Without waiting for a reply, I hurried further into the debris field, picking my way over fallen wood, torn material and what seemed to be several spilled baskets of potatoes.

The group at the next stall had already freed the trapped woman, although the healer was still working on her. I left them to it, continuing on in search of more victims. A piercing scream pulled my attention to the right, and I hurried in that direction, trying to peer through the heavy rain. I kept wiping the drops from my eyes, but they were coming down so hard it did little good.

A woman staggered toward me, blood streaking her already soaked gown. Before she could reach me, though, someone else responded to her yell, catching her as she collapsed. For a moment, I didn’t recognize the sodden figure assisting her, but something in the way he laid her down and knelt beside her was familiar.

“Hayes!” I cried, and he glanced up briefly, meeting my eyes with a shock of recognition.

I waved his attention back to the woman, though, turning to look back into the square. If Hayes had charge of her, then she was in good hands and didn’t need me.

Several steps brought me to another collapsed stall, this one surrounded by scattered items, all made from leather. Two people seemed to be beneath the pile of broken wood, but a man and a girl were already pulling planks aside, working to free them.

These two were also familiar. Clay and Luna.

I nearly called a greeting before thinking better of it. They didn’t need a distraction, and there were more people in need. I continued deeper into the square, passing several more injured people who sat or lay on the ground.

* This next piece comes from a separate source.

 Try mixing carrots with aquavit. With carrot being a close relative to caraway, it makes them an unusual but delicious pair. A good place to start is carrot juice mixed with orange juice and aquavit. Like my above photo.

Those with significant injuries had someone kneeling beside them wearing the focused, slightly absent, expression of a healer at work.

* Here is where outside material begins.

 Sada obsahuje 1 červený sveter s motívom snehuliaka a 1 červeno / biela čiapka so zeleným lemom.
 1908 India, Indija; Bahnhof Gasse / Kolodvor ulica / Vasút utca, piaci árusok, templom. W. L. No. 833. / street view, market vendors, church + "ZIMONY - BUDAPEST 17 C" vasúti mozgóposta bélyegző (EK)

A hysterical woman who grabbed at my arm turned out to be fine, but her young daughter had been struck in the head by a flying piece of stone. I paused to heal her, sealing her gash and pushing out the pressure threatening her brain.

The girl brightened as soon as I’d finished, putting a hand to her head.

“My headache is gone!” she exclaimed. “Thank you!”

I could barely hear her high voice over the wind, as much reading the words on her lips as hearing them.

I nodded, hurrying on to where my two assistants were already pulling the wood off another trapped stall keeper. This one had escaped with a single broken bone and a deep gash, so it didn’t take me long to burn through his injuries.

Both my assistants were now shivering uncontrollably, so I took a moment to give them a burst of warmth and energy. They smiled their thanks, the woman grasping my arm and leaning close to talk into my ear.

“Don’t forget yourself, child!”

I nodded and sent a spark of power through my own body, just enough to drive away the uncontrollable shaking. I didn’t want to waste too much, though. I already felt worryingly weak and tired, and people still needed me.

The next few stalls were already deserted, the people around them having fled before the wind hit or else having been rescued already. I almost began to hope the square was nearly cleared when we reached the west side and found an entire building had collapsed.

Stone and wood lay everywhere, and from the moans and cries, there were still people trapped beneath.

An arm appeared from the rain, and I grabbed it. “What happened here?” I shouted.